▶ [YOUR INSTRUCTIONS] What the response needs is every record, repeated verbatim, and no images.

▶ [Collection entries]
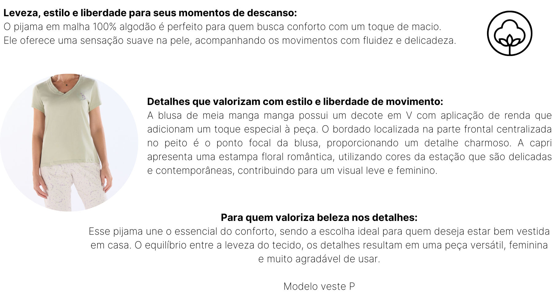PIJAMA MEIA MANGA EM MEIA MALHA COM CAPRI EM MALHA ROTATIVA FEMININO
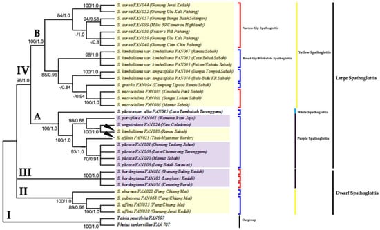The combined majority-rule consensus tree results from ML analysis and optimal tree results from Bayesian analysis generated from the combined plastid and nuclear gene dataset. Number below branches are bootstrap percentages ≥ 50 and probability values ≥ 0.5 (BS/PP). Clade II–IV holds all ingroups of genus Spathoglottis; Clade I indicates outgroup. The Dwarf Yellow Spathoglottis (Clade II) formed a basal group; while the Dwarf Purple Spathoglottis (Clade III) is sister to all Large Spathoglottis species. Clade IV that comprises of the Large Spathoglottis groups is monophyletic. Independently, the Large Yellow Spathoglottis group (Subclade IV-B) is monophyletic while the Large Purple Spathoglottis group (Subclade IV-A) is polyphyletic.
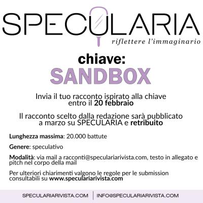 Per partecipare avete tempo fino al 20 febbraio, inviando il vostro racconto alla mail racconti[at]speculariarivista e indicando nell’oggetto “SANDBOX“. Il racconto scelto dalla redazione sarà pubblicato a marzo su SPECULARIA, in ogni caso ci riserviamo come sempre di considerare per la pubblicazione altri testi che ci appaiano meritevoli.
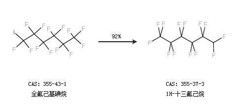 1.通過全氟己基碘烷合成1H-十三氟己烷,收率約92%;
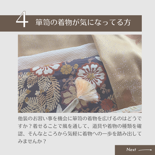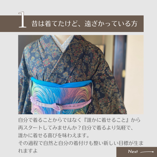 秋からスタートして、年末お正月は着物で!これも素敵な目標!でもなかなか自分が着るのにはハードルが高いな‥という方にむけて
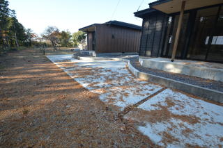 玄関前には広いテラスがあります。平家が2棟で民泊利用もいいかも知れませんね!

▶ [ANSWER BELOW]
PIJAMA MEIA MANGA EM MEIA MALHA COM CAPRI EM MALHA ROTATIVA FEMININO
The combined majority-rule consensus tree results from ML analysis and optimal tree results from Bayesian analysis generated from the combined plastid and nuclear gene dataset. Number below branches are bootstrap percentages ≥ 50 and probability values ≥ 0.5 (BS/PP). Clade II–IV holds all ingroups of genus Spathoglottis; Clade I indicates outgroup. The Dwarf Yellow Spathoglottis (Clade II) formed a basal group; while the Dwarf Purple Spathoglottis (Clade III) is sister to all Large Spathoglottis species. Clade IV that comprises of the Large Spathoglottis groups is monophyletic. Independently, the Large Yellow Spathoglottis group (Subclade IV-B) is monophyletic while the Large Purple Spathoglottis group (Subclade IV-A) is polyphyletic.
 Per partecipare avete tempo fino al 20 febbraio, inviando il vostro racconto alla mail racconti[at]speculariarivista e indicando nell’oggetto “SANDBOX“. Il racconto scelto dalla redazione sarà pubblicato a marzo su SPECULARIA, in ogni caso ci riserviamo come sempre di considerare per la pubblicazione altri testi che ci appaiano meritevoli.
 1.通過全氟己基碘烷合成1H-十三氟己烷,收率約92%;
 秋からスタートして、年末お正月は着物で!これも素敵な目標!でもなかなか自分が着るのにはハードルが高いな‥という方にむけて
 玄関前には広いテラスがあります。平家が2棟で民泊利用もいいかも知れませんね!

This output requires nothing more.